* [BRIEF]: Output the entries below word for word, stopping once the line containing "Charmig och rymlig" is done, and omit each picture.

* [EXTRACTED DATA]:
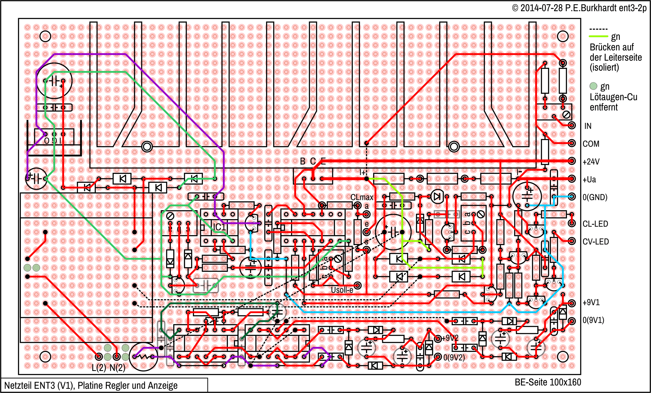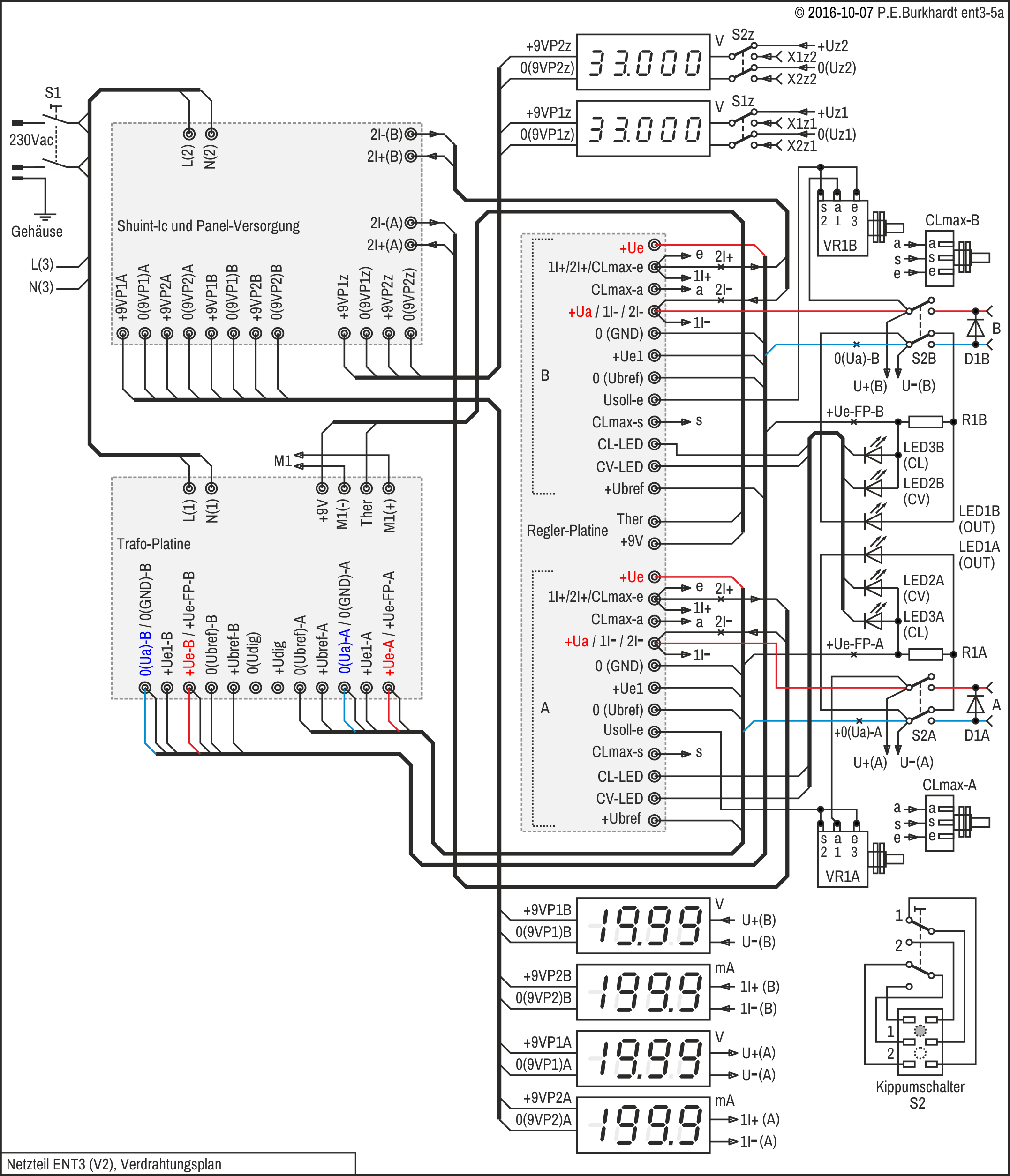 Die Schaltung enthält einige wichtige Messwerte. Die beiden Regelschaltungen einschließlich des Trafos mit Gleichrichter sind original ENT1v1. Nur die Sollspannungs-Einstellung wurde verändert (Fein-Regler).
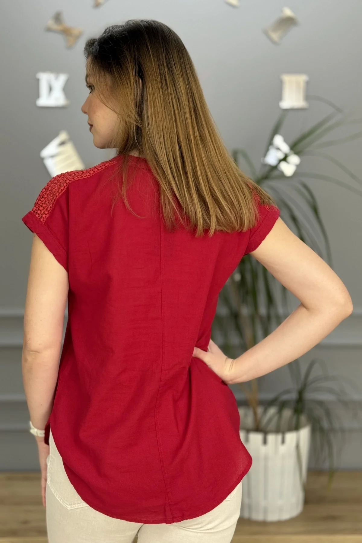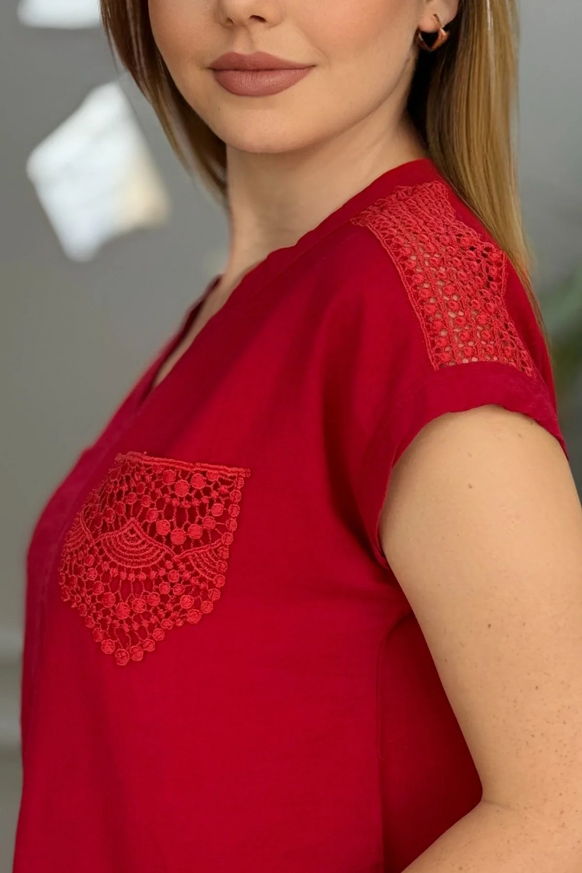 Kadın Kırmızı rengi Omzu Ve Cebi Güpürlü Keten Kumaş Kısa Kol Buluz Gömlek
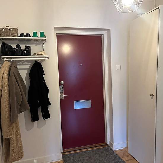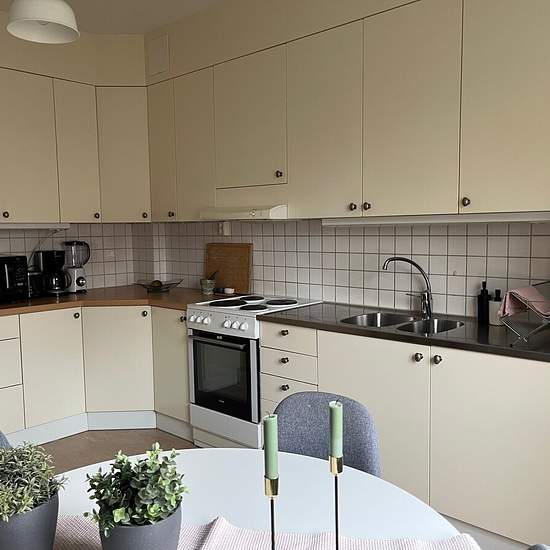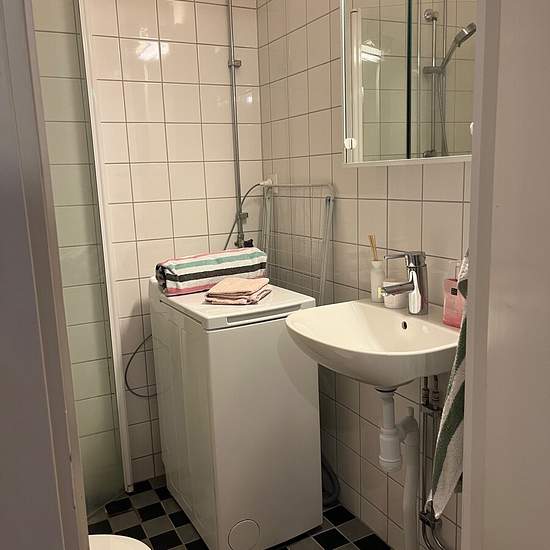 Charmig och rymlig etta med stort kök. Trägolv i vardagsrummet. Helkaklat badrum med plats för tvättmaskin, (45 cm).
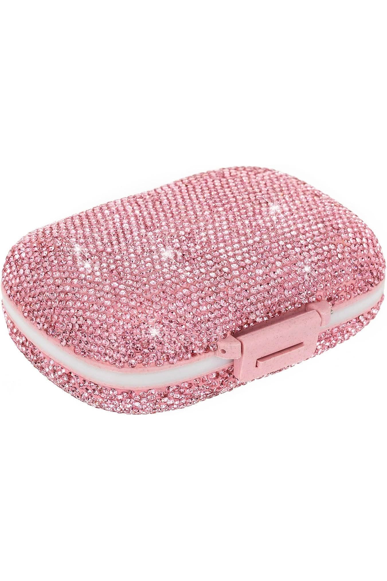 Compact and stylish, this rhinestone pill box is the perfect travel companion for organizing medications, vitamins, or supplements on the go. The sparkling rhinestone embellishment adds a touch of elegance to everyday wellness, while the small, lightweight design fits easily into purses, carry-ons, or travel bags. Durable construction keeps your essentials secure and protected during trips. Whether you're commuting, vacationing, or simply staying organized at home, this charming pill box combines practicality with sophisticated flair.
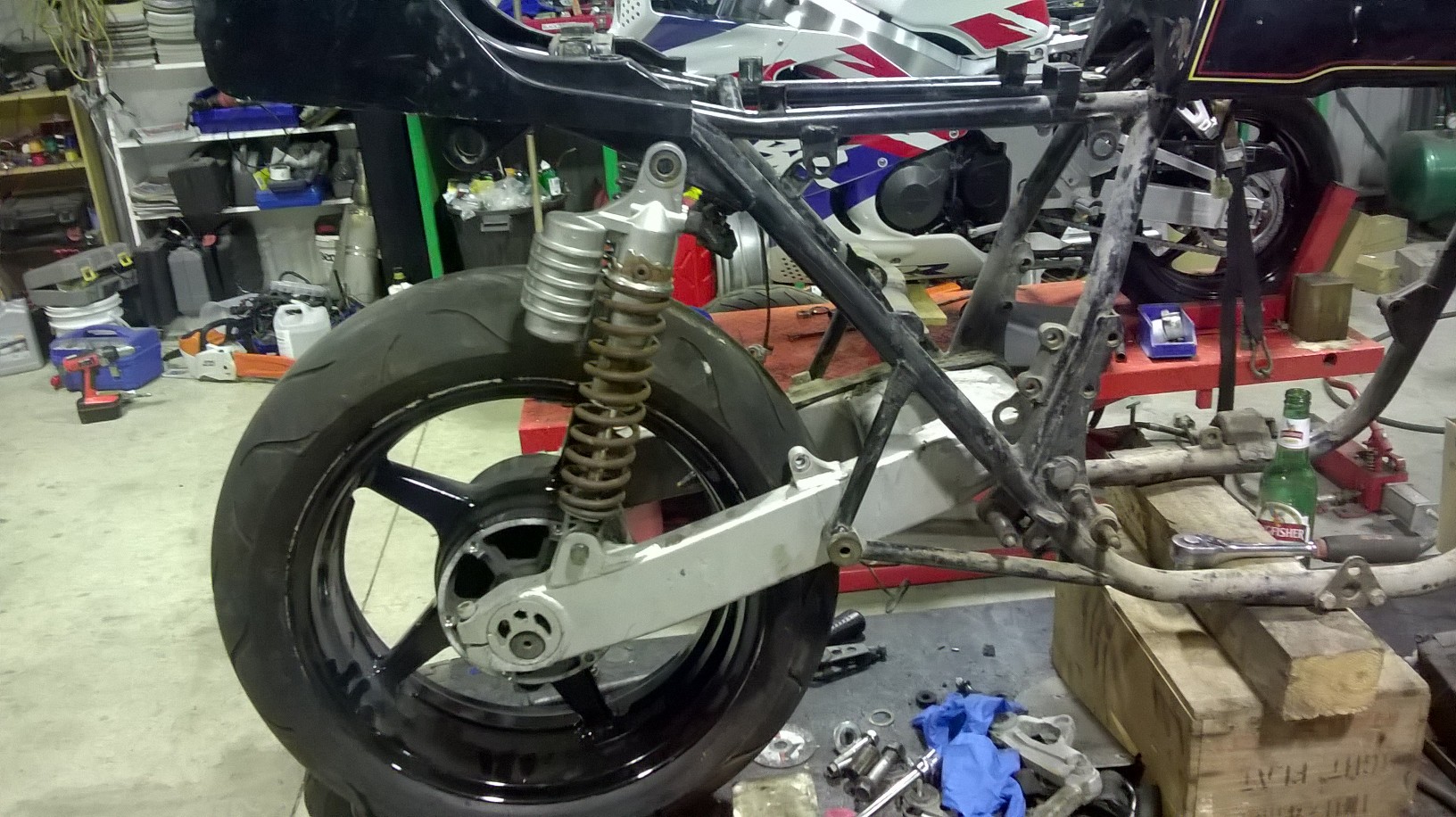 I popped it in for a look and am pretty certain that I will go down this route. I couldn't build a bike back to standard but I would still like the Z1R to use the original wheels and have the original style still pretty much intact. One thing I would like is to lay the shocks down but haven't decided quite how yet. Maybe off the rear of the swingarm or by making a mount for the frame. I don't want to cut or weld this frame if I can help it.

* [SOLUTION FOR THIS TASK]:
 Die Schaltung enthält einige wichtige Messwerte. Die beiden Regelschaltungen einschließlich des Trafos mit Gleichrichter sind original ENT1v1. Nur die Sollspannungs-Einstellung wurde verändert (Fein-Regler).
 Kadın Kırmızı rengi Omzu Ve Cebi Güpürlü Keten Kumaş Kısa Kol Buluz Gömlek
 Charmig och rymlig etta med stort kök. Trägolv i vardagsrummet. Helkaklat badrum med plats för tvättmaskin, (45 cm).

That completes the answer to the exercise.